INSTRUCTIONS FOR THE TASK: In the material below, begin at the line that has "ハイネックニットワンピース ワンピース ワンピドレス", stop after the line that has "Lilac Leather Dog", and transcribe those lines exactly, without pictures.

INFORMATION SHOWN:
┌──

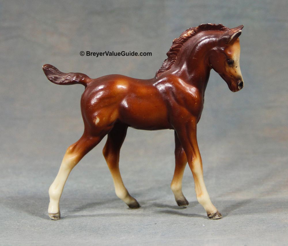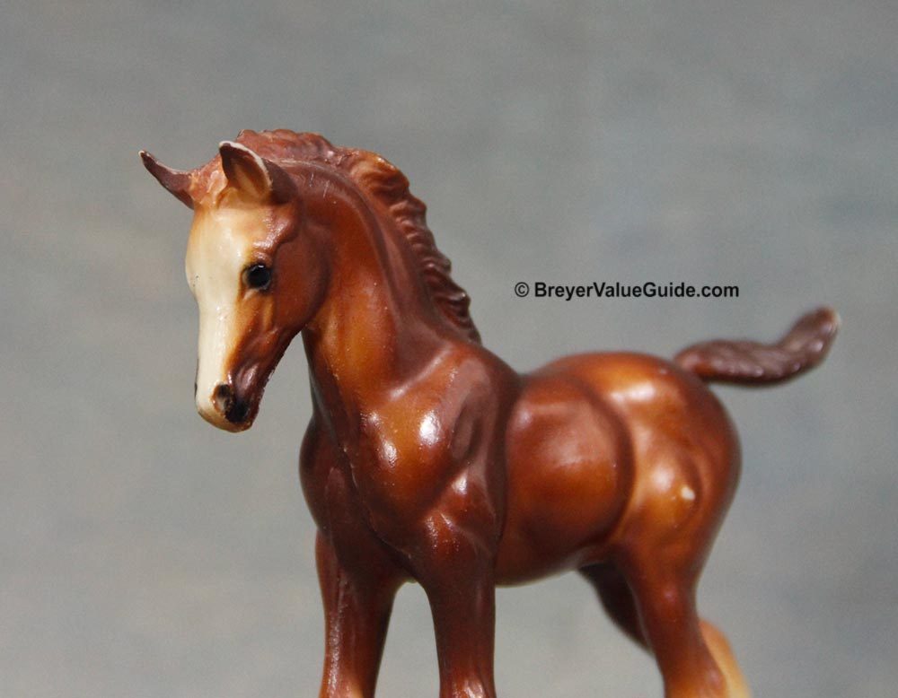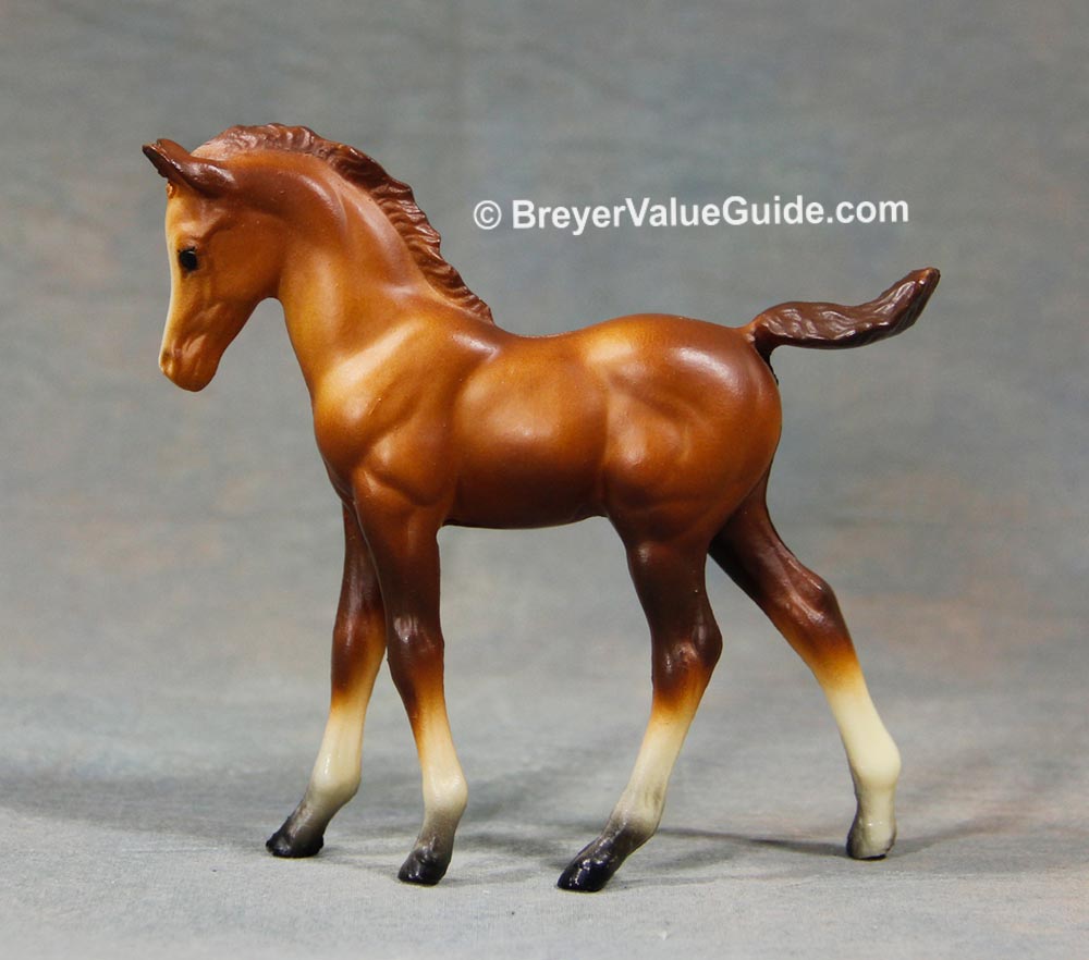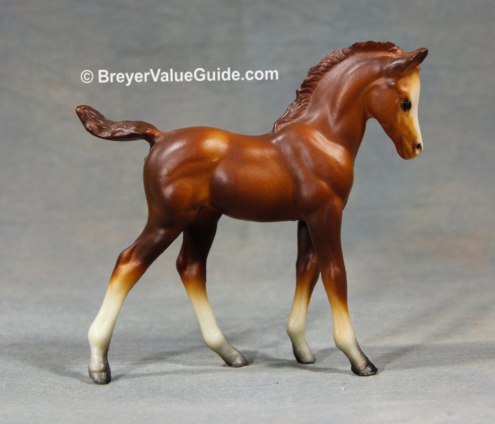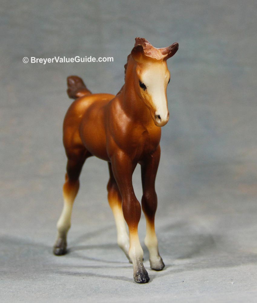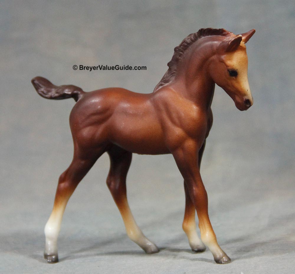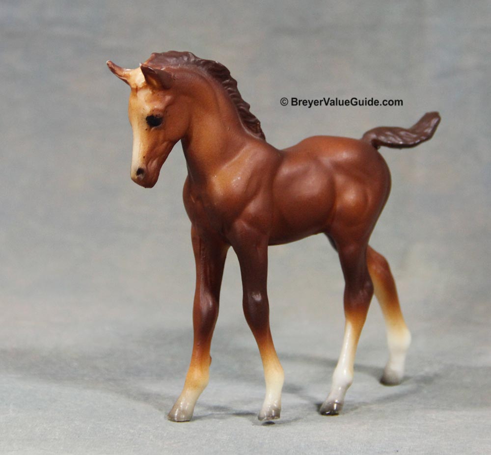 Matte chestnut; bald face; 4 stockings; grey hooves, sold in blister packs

└──
┌──

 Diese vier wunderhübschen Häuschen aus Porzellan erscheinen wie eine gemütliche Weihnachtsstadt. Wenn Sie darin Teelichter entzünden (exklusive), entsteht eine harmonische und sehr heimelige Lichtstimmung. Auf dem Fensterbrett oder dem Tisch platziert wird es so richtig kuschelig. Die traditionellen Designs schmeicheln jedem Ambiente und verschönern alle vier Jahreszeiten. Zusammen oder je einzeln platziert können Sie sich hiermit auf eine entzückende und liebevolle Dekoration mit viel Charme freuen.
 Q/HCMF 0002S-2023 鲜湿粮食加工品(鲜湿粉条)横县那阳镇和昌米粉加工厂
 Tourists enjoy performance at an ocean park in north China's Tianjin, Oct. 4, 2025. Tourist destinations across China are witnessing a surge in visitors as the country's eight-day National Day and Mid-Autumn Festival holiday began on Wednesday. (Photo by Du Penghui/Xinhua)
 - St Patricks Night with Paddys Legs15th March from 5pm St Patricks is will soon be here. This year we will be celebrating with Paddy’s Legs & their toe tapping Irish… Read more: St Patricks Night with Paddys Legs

└──
┌──

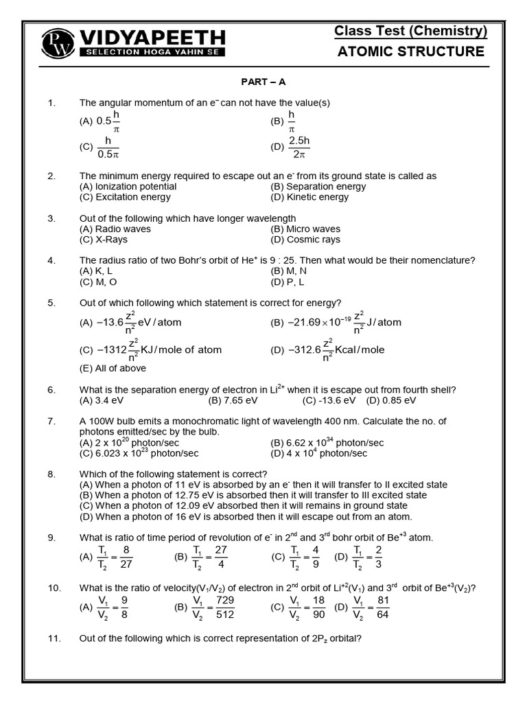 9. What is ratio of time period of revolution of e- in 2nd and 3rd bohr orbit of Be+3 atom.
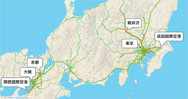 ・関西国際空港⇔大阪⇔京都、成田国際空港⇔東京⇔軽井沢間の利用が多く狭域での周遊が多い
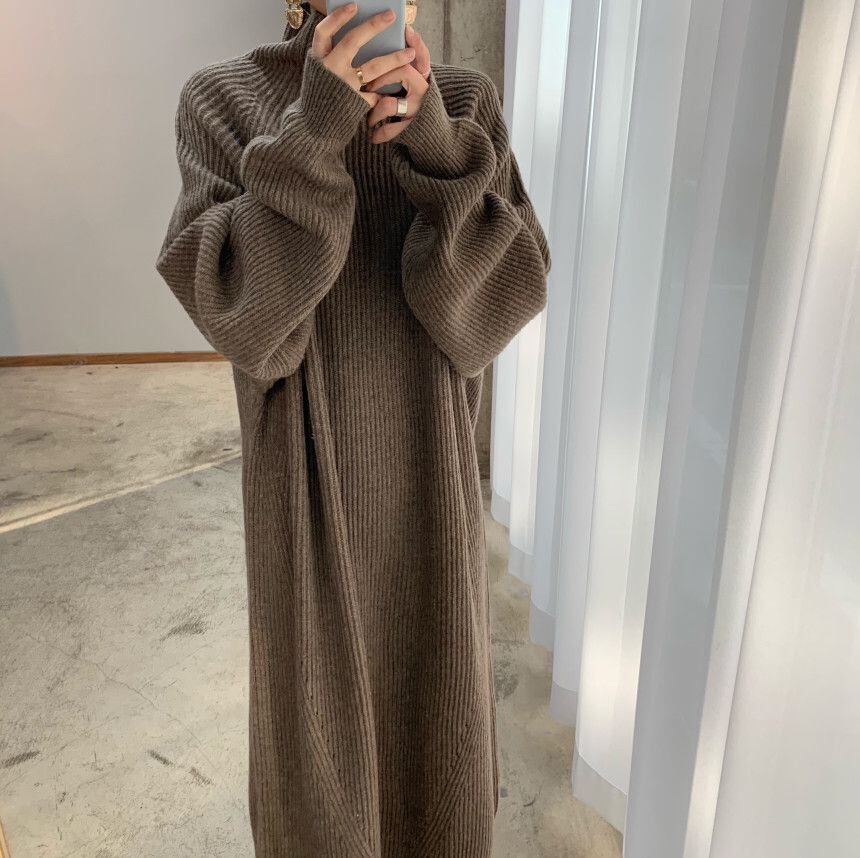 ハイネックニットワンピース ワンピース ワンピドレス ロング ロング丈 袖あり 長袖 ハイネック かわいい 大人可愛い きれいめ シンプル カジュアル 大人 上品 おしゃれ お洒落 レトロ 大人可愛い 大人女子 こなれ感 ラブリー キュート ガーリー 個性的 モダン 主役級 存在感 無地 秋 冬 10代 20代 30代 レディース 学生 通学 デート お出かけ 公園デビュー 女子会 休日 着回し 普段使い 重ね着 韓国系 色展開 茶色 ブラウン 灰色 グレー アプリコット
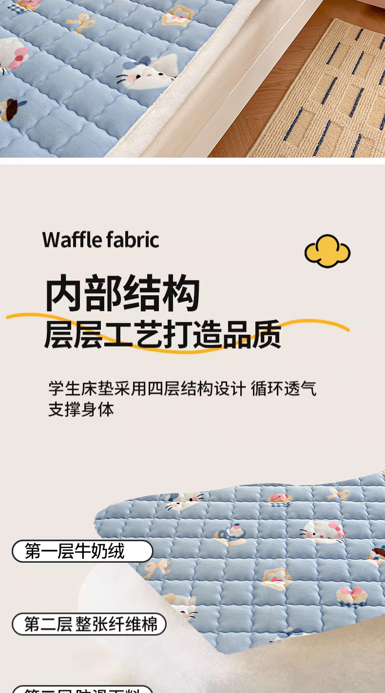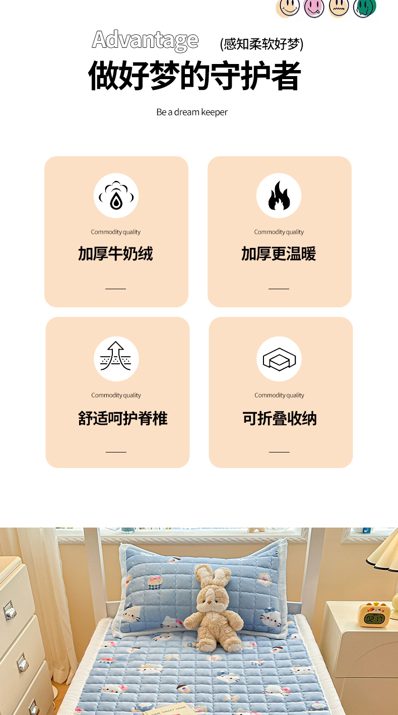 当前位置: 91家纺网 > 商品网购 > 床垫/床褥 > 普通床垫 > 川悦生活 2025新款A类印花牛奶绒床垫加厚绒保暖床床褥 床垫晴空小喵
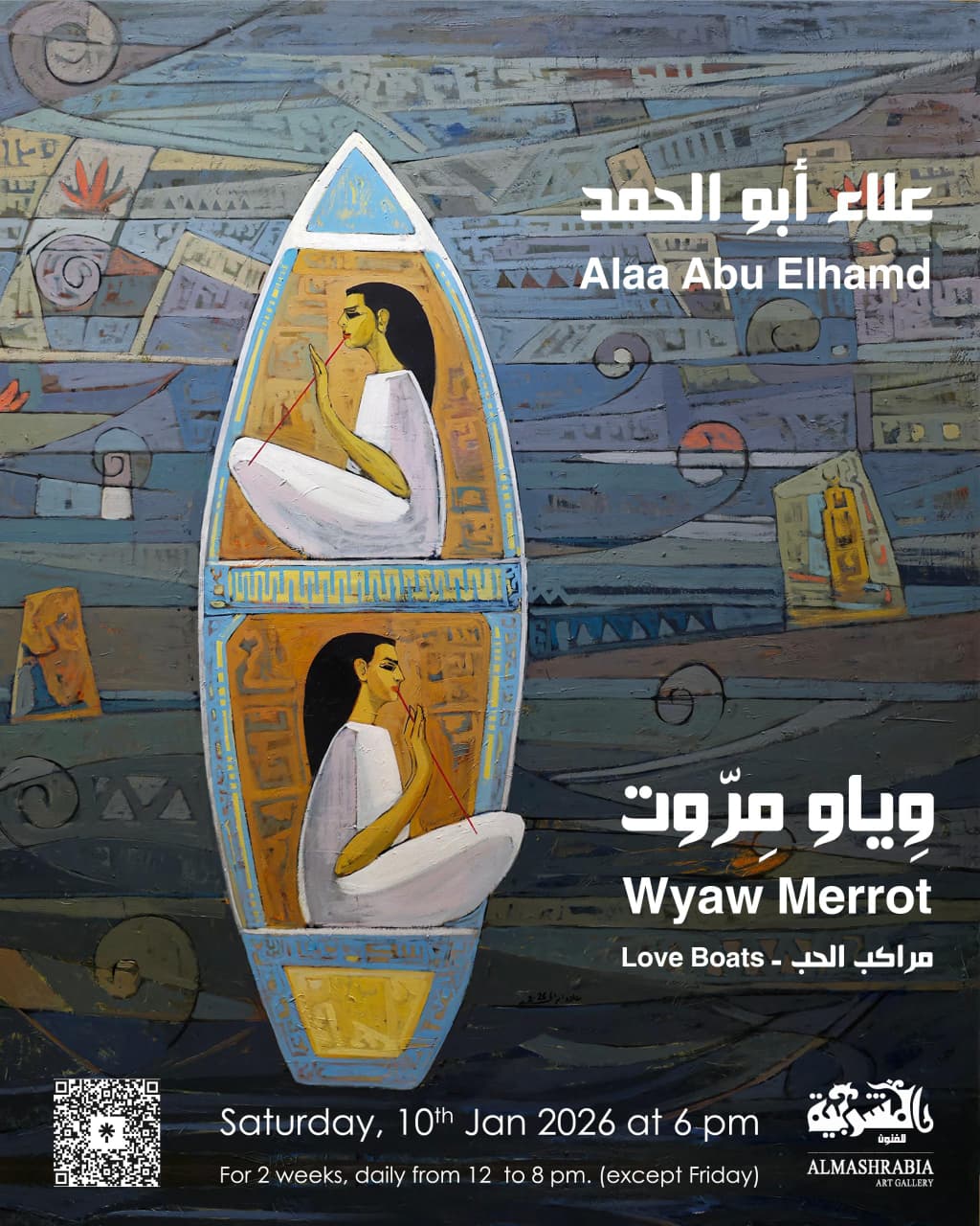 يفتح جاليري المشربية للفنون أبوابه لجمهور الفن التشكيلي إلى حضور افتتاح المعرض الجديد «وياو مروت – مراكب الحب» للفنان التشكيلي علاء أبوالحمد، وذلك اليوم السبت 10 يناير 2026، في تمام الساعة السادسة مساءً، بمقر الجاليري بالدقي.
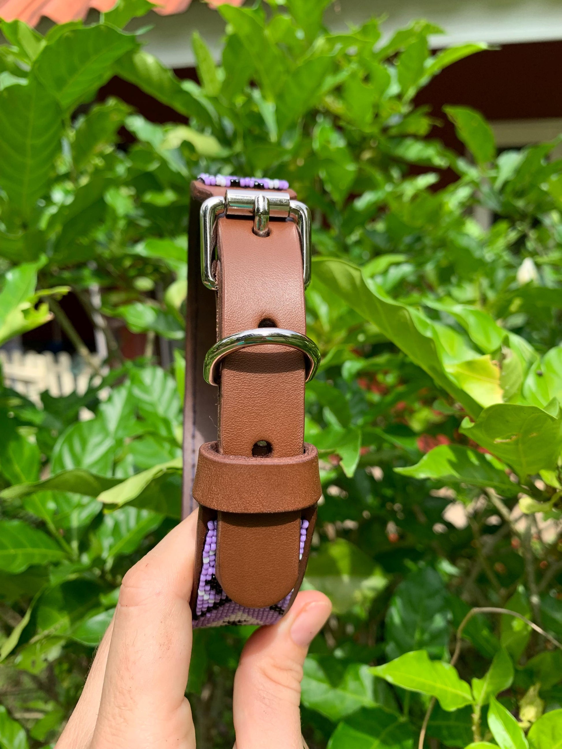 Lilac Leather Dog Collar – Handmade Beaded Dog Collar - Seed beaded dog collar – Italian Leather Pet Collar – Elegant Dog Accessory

└──

RESULT OF THE TASK:
 ハイネックニットワンピース ワンピース ワンピドレス ロング ロング丈 袖あり 長袖 ハイネック かわいい 大人可愛い きれいめ シンプル カジュアル 大人 上品 おしゃれ お洒落 レトロ 大人可愛い 大人女子 こなれ感 ラブリー キュート ガーリー 個性的 モダン 主役級 存在感 無地 秋 冬 10代 20代 30代 レディース 学生 通学 デート お出かけ 公園デビュー 女子会 休日 着回し 普段使い 重ね着 韓国系 色展開 茶色 ブラウン 灰色 グレー アプリコット
 当前位置: 91家纺网 > 商品网购 > 床垫/床褥 > 普通床垫 > 川悦生活 2025新款A类印花牛奶绒床垫加厚绒保暖床床褥 床垫晴空小喵
 يفتح جاليري المشربية للفنون أبوابه لجمهور الفن التشكيلي إلى حضور افتتاح المعرض الجديد «وياو مروت – مراكب الحب» للفنان التشكيلي علاء أبوالحمد، وذلك اليوم السبت 10 يناير 2026، في تمام الساعة السادسة مساءً، بمقر الجاليري بالدقي.
 Lilac Leather Dog Collar – Handmade Beaded Dog Collar - Seed beaded dog collar – Italian Leather Pet Collar – Elegant Dog Accessory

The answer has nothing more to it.